── SUPPLIED RECORDS
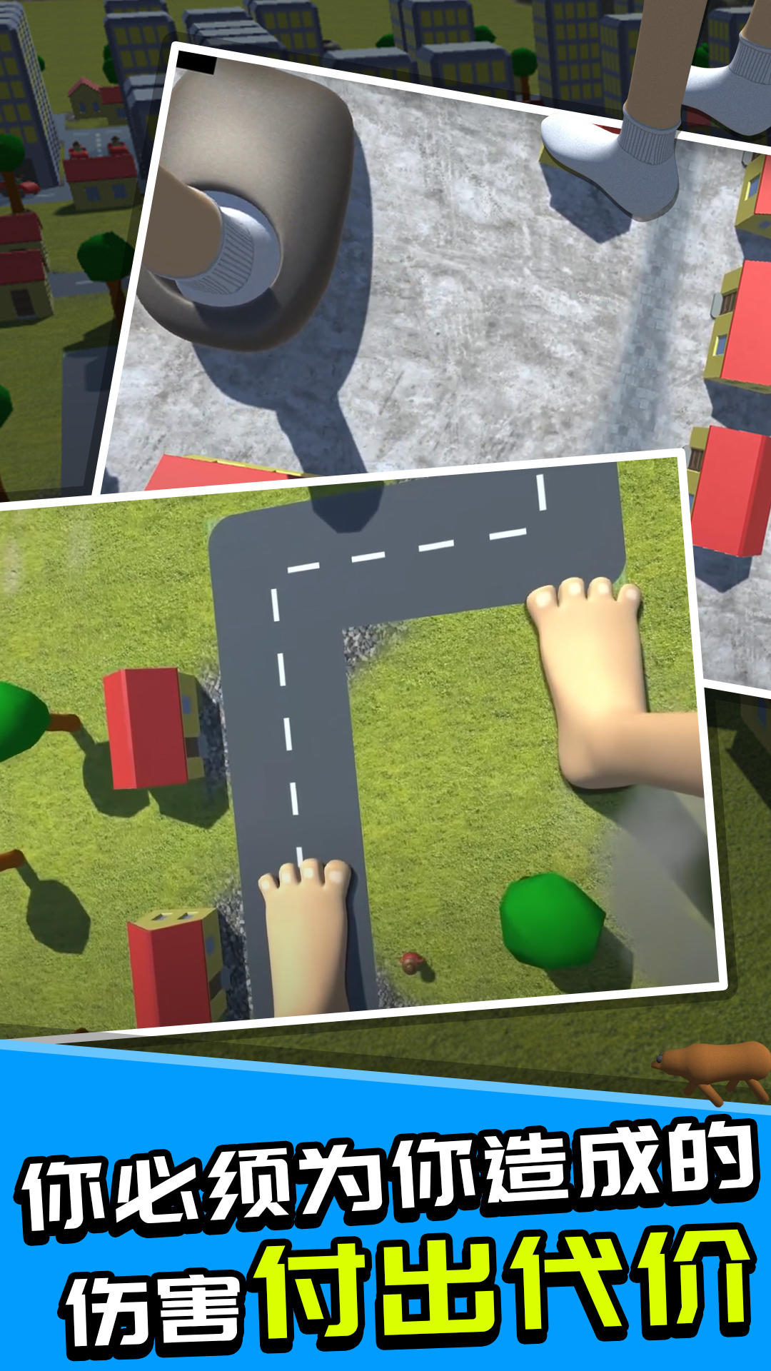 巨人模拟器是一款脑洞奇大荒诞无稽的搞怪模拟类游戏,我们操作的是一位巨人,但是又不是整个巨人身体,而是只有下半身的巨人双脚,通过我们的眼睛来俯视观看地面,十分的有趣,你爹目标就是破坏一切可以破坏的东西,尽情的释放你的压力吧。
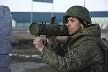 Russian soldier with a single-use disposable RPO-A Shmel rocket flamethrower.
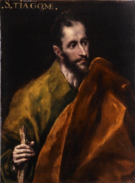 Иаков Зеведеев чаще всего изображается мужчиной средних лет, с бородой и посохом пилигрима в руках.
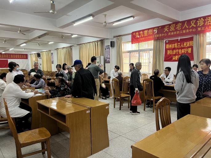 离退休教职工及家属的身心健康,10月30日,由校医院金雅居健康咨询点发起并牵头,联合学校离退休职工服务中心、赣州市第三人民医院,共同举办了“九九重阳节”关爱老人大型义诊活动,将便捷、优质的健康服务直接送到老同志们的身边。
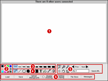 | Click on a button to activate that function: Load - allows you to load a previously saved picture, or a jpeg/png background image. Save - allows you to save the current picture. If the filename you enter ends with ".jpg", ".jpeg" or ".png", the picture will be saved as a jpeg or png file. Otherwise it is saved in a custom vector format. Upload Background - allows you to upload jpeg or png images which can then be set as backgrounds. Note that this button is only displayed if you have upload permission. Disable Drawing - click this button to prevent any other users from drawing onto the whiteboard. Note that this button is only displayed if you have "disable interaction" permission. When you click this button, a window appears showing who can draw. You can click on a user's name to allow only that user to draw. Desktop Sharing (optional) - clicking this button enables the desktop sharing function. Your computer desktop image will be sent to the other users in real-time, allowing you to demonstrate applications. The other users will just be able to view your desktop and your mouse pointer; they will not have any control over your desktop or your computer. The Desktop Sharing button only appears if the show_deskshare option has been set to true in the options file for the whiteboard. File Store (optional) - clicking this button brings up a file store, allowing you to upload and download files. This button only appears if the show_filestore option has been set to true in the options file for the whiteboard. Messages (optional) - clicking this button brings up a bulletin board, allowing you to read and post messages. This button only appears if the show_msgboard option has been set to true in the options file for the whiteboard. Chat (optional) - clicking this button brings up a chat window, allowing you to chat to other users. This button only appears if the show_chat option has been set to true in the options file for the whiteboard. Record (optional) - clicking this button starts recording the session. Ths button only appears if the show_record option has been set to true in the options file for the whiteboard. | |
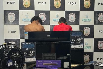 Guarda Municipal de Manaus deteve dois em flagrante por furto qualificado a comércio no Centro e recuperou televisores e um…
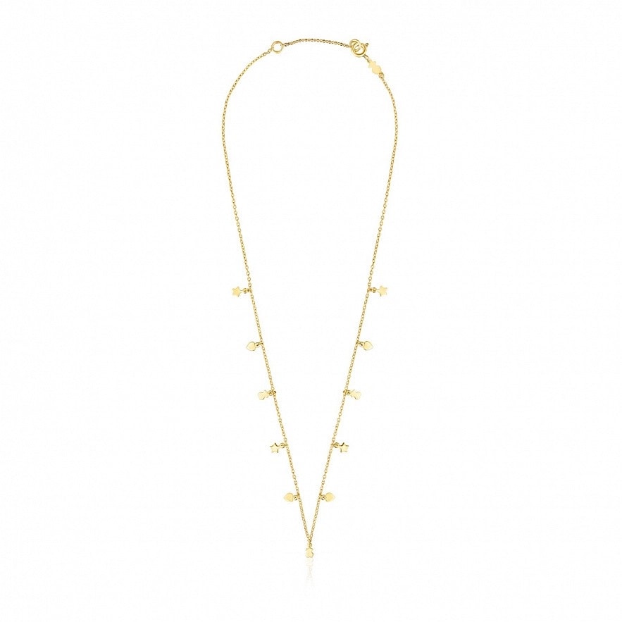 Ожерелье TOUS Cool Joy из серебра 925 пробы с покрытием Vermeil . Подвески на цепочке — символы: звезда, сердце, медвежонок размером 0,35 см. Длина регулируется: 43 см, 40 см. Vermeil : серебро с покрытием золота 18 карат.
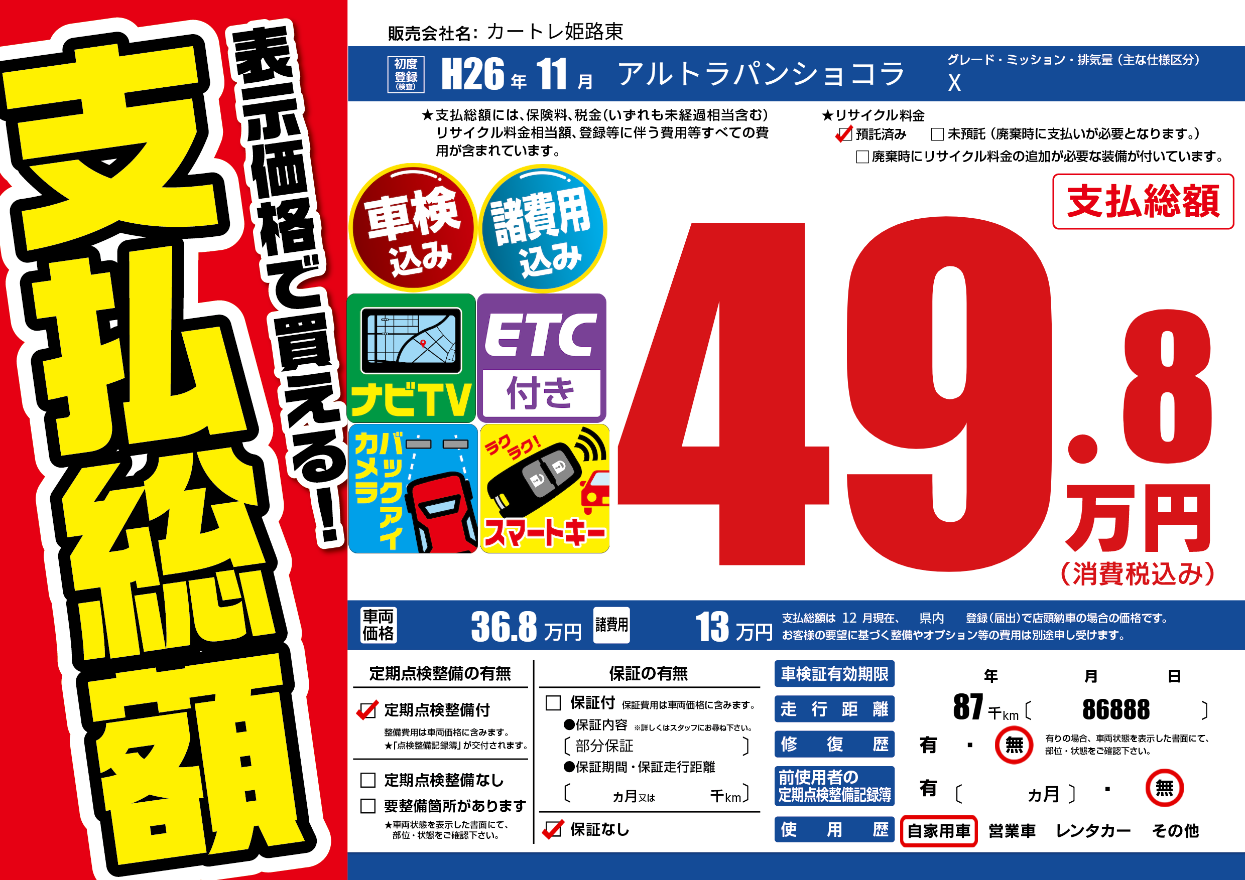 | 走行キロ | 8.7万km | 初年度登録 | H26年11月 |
────
── SUPPLIED RECORDS
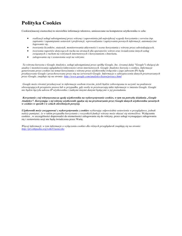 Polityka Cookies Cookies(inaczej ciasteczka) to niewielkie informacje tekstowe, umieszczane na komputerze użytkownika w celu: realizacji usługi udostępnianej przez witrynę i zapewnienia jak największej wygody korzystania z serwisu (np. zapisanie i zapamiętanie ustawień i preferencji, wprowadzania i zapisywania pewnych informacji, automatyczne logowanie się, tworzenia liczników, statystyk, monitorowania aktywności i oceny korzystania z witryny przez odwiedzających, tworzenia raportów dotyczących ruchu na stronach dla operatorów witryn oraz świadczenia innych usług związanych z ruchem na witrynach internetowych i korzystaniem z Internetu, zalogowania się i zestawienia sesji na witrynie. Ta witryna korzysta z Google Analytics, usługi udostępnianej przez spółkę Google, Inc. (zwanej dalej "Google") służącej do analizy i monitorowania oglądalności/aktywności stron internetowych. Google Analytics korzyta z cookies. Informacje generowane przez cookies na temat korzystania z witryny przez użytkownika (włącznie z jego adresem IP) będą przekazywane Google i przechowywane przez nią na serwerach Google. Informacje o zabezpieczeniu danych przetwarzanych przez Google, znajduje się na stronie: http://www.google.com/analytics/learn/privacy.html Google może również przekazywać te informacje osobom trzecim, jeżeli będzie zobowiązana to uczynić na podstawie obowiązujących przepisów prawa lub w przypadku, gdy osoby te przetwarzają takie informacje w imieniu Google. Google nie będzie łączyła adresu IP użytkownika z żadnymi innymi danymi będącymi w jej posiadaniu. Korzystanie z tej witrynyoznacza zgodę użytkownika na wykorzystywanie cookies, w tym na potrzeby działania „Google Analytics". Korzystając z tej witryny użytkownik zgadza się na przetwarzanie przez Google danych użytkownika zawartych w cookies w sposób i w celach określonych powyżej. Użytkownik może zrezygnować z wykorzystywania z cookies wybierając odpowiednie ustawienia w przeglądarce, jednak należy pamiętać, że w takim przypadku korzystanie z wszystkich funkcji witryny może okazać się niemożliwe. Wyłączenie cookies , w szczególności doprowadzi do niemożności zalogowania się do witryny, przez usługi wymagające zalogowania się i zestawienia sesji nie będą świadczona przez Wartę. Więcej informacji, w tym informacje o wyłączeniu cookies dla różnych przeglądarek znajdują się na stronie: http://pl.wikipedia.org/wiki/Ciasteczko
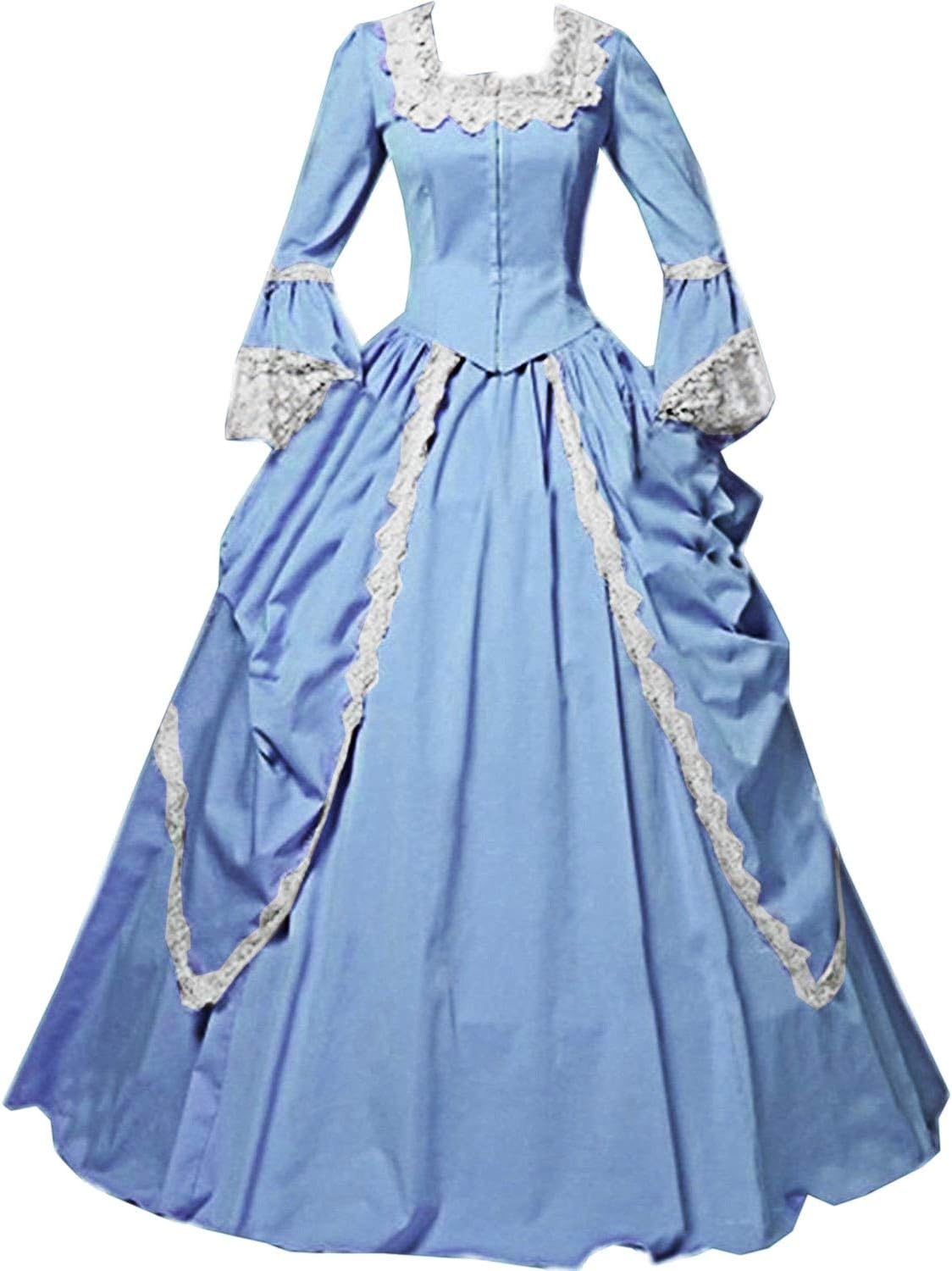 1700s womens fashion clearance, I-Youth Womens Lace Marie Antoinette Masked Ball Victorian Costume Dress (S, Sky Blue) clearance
────
── SUPPLIED RECORDS
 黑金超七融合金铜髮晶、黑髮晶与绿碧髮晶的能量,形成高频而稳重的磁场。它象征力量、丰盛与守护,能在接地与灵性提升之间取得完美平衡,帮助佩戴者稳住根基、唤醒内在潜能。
────
INSTRUCTIONS TO FOLLOW - Reproduce, word for word, everything in the listing above from the line containing "Guarda Municipal de" down to the line containing "初年度登録 | H26年11月 |", both of them included. No pictures.

ANSWER TO THIS PROBLEM -
 Guarda Municipal de Manaus deteve dois em flagrante por furto qualificado a comércio no Centro e recuperou televisores e um…
 Ожерелье TOUS Cool Joy из серебра 925 пробы с покрытием Vermeil . Подвески на цепочке — символы: звезда, сердце, медвежонок размером 0,35 см. Длина регулируется: 43 см, 40 см. Vermeil : серебро с покрытием золота 18 карат.
 | 走行キロ | 8.7万km | 初年度登録 | H26年11月 |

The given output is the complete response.